— EXERCISE GOAL —
In the records below, how many lines hold the word "azbest"? Give only the number.

[Opening DATA IN THIS EXERCISE section]

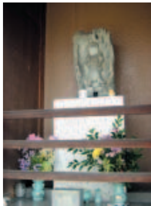
▲炎を背負っています

土山駅北側に木造の不動明王像があるのをご存じですか? 「野添のお不動さん」と呼ばれるこの像は、昭和7年に個人により作られ、8月24日にはお祭りをするなど、現在も親しまれています。
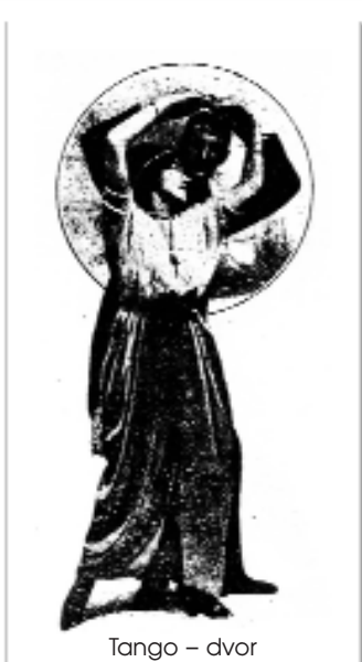
Tango – dvor
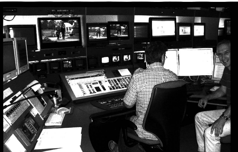
Da hat man gut lachen. Endlich wird die fertige Sendung ausgestrahlt und die Sendeleitung sorgt dafür, dass alles passt.
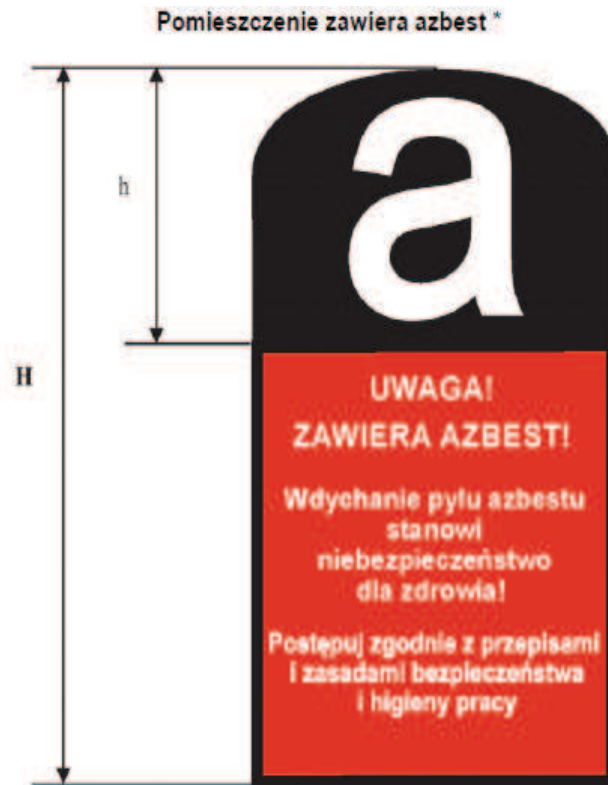
Rysunek 1 Graficzny wzór oznakowania azbestu i wyrobów zawierających azbest

Prace związane z usuwaniem wyrobów zawierających azbest prowadzi się w sposób uniemożliwiający emisję azbestu do środowiska oraz powodujący zminimalizowanie pylenia poprzez:
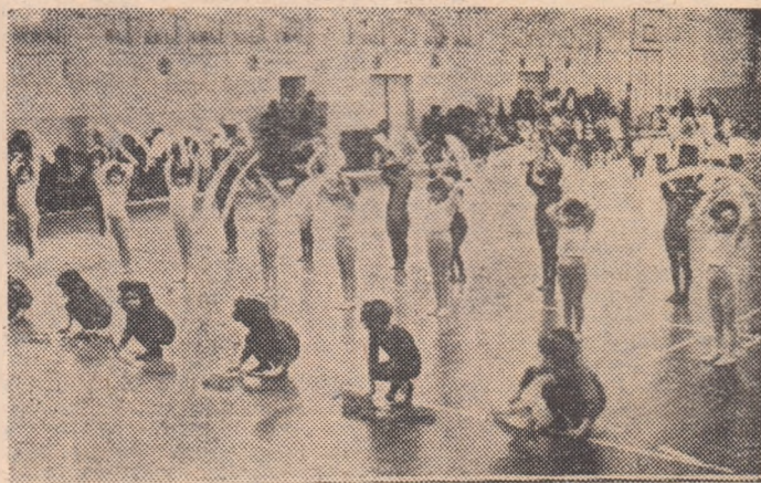
Momente aplaudate în sala de sport a Școlii generale nr. 77, gazda unui frumos concurs rezervat celor mai mici sportivi din Sectorul 3 al Capitalei

Festival cultural-sportiv dedicat Anului Internațional al Copilului
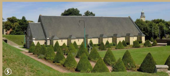
Musée du dessin et de l'estampe.

appartiennent au patrimoine historique de la ville et l'ancienne poudrière abrite désormais le Musée du Dessin et de l'Estampe originale.
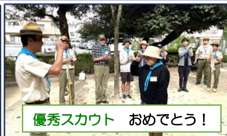
優秀スカウト おめでとう！
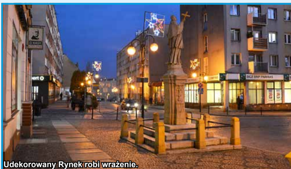
Udekorowany Rynek robi wrażenie.

[Closing DATA IN THIS EXERCISE section]

— ANSWER BOX —
2